• [Your assignment] Your reproduction of the entries should be exact and should contain no pictures.

--- START ---

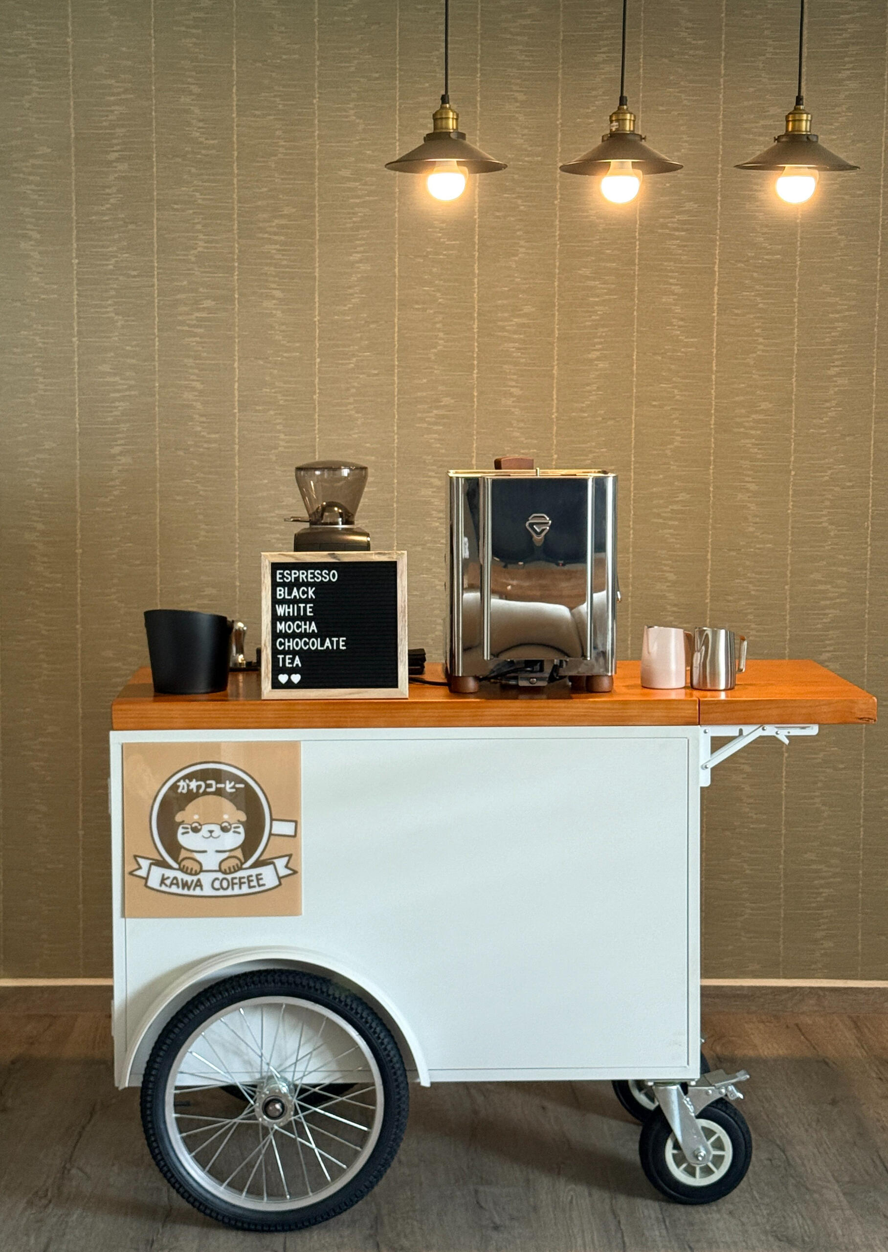 Here at Kawa Coffee, we bring quality and freshly brewed coffee to your celebrations and events so your guests stay ENERGISED all day!Rates for our coffee cart service starts at $600 for 100 cups, served over a 2-hour duration. Not a coffee fan? Our standard menu includes both coffee and non-coffee drinks. Menu customisations are also available at additional cost.
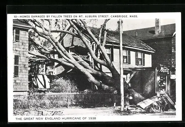 AK Cambridge, MA, The great New England Hurricane of 1938, Homes damaged by fallen trees on Mt. Auburn Street, Unwetter
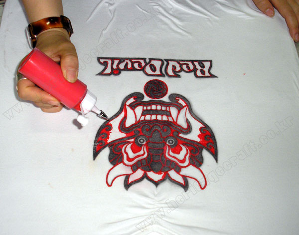 붉은 악마의 그림이 아니어도 어떤 그림도 이러한 아주 간단한 방법으로 전사가 티셔츠에 가능하다.
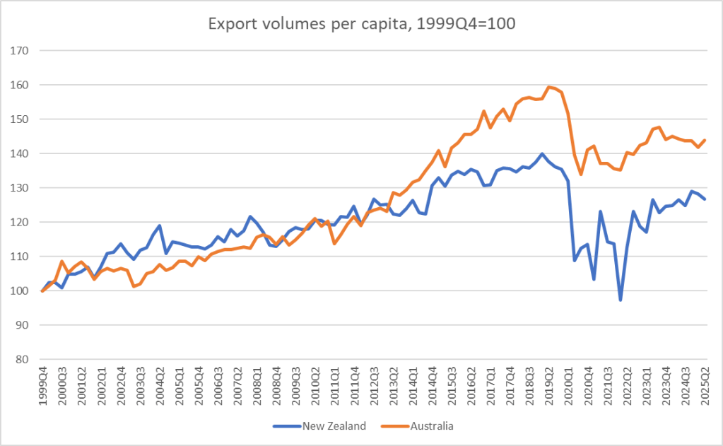 But time passes and I hadn’t noticed that exports from Australia – a country with a population more than five times ours – are now about as large a share of GDP as those from New Zealand. I put this chart on Twitter yesterday, with the observation that Australia itself is hardly a stellar success story.
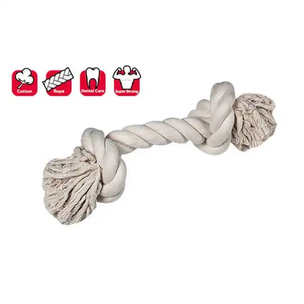 Düğümlü ipler köpeklerin en sevdiği oyuncaklardan birisidir. Sahipleriyle eğlenceli vakit geçirmelerini sağlar. Dayanıklıdır. Pamuktan imal edilmiştir. M boy. 30 cm. Beyaz.
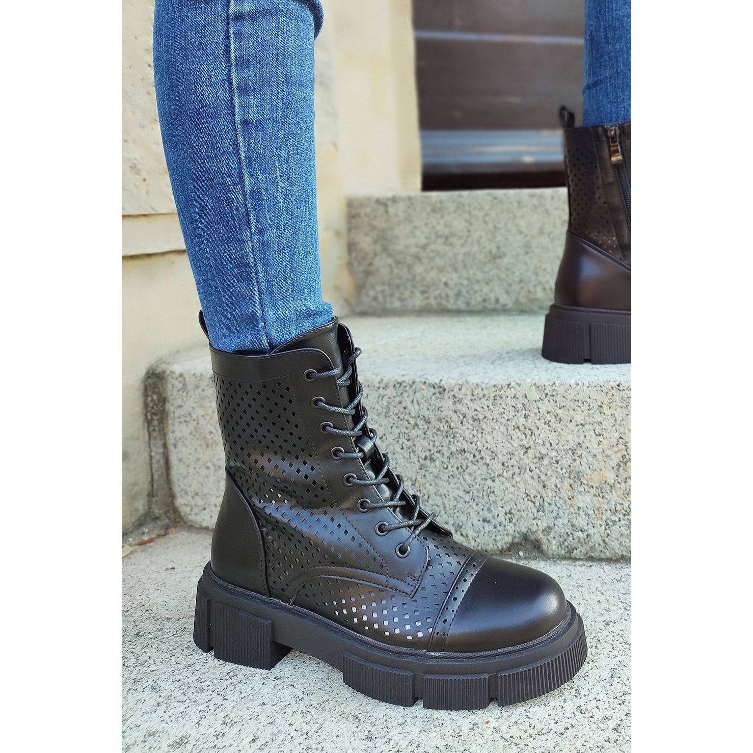 Elegant, openwork boots from the Keeshoes collection are a proposal for women who value style and functionality. Made of high quality ecological leather (outer and insert), in timeless black, they are great as a complement to everyday and more elegant stylizations. The openwork finish adds lightness and improves ventilation, which is why the shoes are universal in spring/summer and on warmer autumn days. Lack of warming means that they are not intended for cold winter days without additional insulating socks.
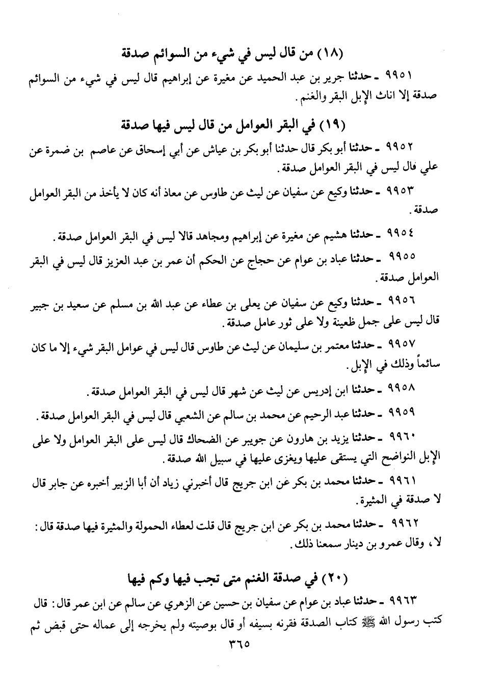 9954 - حَدَّثَنَا هُشَيْمٌ، عَنْ مُغِيرَةَ، عَنْ إِبْرَاهِيمَ، وَمُجَاهِدٍ قَالَا: «§لَيْسَ فِي الْبَقَرِ الْعَوَامِلِ صَدَقَةٌ»
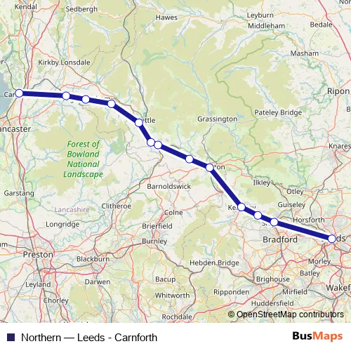 The first stop of the Northern rail route is Carnforth and the last stop is Leeds. Northern (Leeds - Carnforth) is operational during everyday.
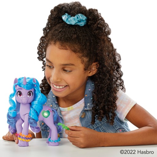 Відкрийте для себе магію єдинорогів разом із 15-сантиметровою фігуркою Іззі зі світловими ефектами, звуками та музикою! Натисніть Cutie Mark, щоб почути музику з My Little Pony: The Next Generation. Включає аксесуари для Іззі та дітей (6 різнокольорових браслетів дружби) і гребінець для розчісування чудового волосся єдинорога.
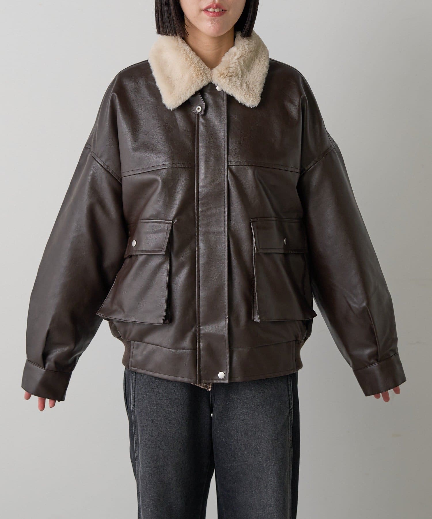 #ブルゾン #スタンドカラー #ファー付きアウター #オーバーサイズ
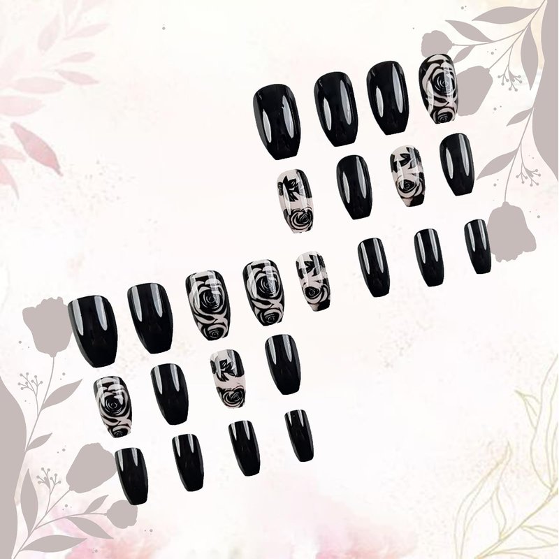 - Comfortable to Use:Black rose artificial Nails suitable for nail salons and DIY nail art at home, wonderful gift for your wife, girlfriend, mother or sisters, and excellent for parties/wedding/costume ball.
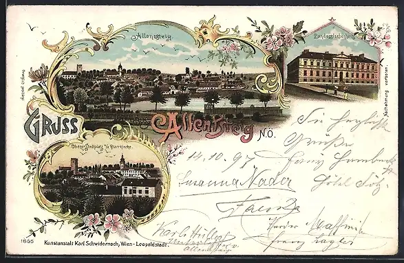 Lithographie Allentsteig /N.Ö., Landessiechenhaus, Oberer Stadtplatz m. d. Pfarrkirche, Gesamtansicht

--- END ---

• [Solution below]
 Here at Kawa Coffee, we bring quality and freshly brewed coffee to your celebrations and events so your guests stay ENERGISED all day!Rates for our coffee cart service starts at $600 for 100 cups, served over a 2-hour duration. Not a coffee fan? Our standard menu includes both coffee and non-coffee drinks. Menu customisations are also available at additional cost.
 AK Cambridge, MA, The great New England Hurricane of 1938, Homes damaged by fallen trees on Mt. Auburn Street, Unwetter
 붉은 악마의 그림이 아니어도 어떤 그림도 이러한 아주 간단한 방법으로 전사가 티셔츠에 가능하다.
 But time passes and I hadn’t noticed that exports from Australia – a country with a population more than five times ours – are now about as large a share of GDP as those from New Zealand. I put this chart on Twitter yesterday, with the observation that Australia itself is hardly a stellar success story.
 Düğümlü ipler köpeklerin en sevdiği oyuncaklardan birisidir. Sahipleriyle eğlenceli vakit geçirmelerini sağlar. Dayanıklıdır. Pamuktan imal edilmiştir. M boy. 30 cm. Beyaz.
 Elegant, openwork boots from the Keeshoes collection are a proposal for women who value style and functionality. Made of high quality ecological leather (outer and insert), in timeless black, they are great as a complement to everyday and more elegant stylizations. The openwork finish adds lightness and improves ventilation, which is why the shoes are universal in spring/summer and on warmer autumn days. Lack of warming means that they are not intended for cold winter days without additional insulating socks.
 9954 - حَدَّثَنَا هُشَيْمٌ، عَنْ مُغِيرَةَ، عَنْ إِبْرَاهِيمَ، وَمُجَاهِدٍ قَالَا: «§لَيْسَ فِي الْبَقَرِ الْعَوَامِلِ صَدَقَةٌ»
 The first stop of the Northern rail route is Carnforth and the last stop is Leeds. Northern (Leeds - Carnforth) is operational during everyday.
 Відкрийте для себе магію єдинорогів разом із 15-сантиметровою фігуркою Іззі зі світловими ефектами, звуками та музикою! Натисніть Cutie Mark, щоб почути музику з My Little Pony: The Next Generation. Включає аксесуари для Іззі та дітей (6 різнокольорових браслетів дружби) і гребінець для розчісування чудового волосся єдинорога.
 #ブルゾン #スタンドカラー #ファー付きアウター #オーバーサイズ
 - Comfortable to Use:Black rose artificial Nails suitable for nail salons and DIY nail art at home, wonderful gift for your wife, girlfriend, mother or sisters, and excellent for parties/wedding/costume ball.
 Lithographie Allentsteig /N.Ö., Landessiechenhaus, Oberer Stadtplatz m. d. Pfarrkirche, Gesamtansicht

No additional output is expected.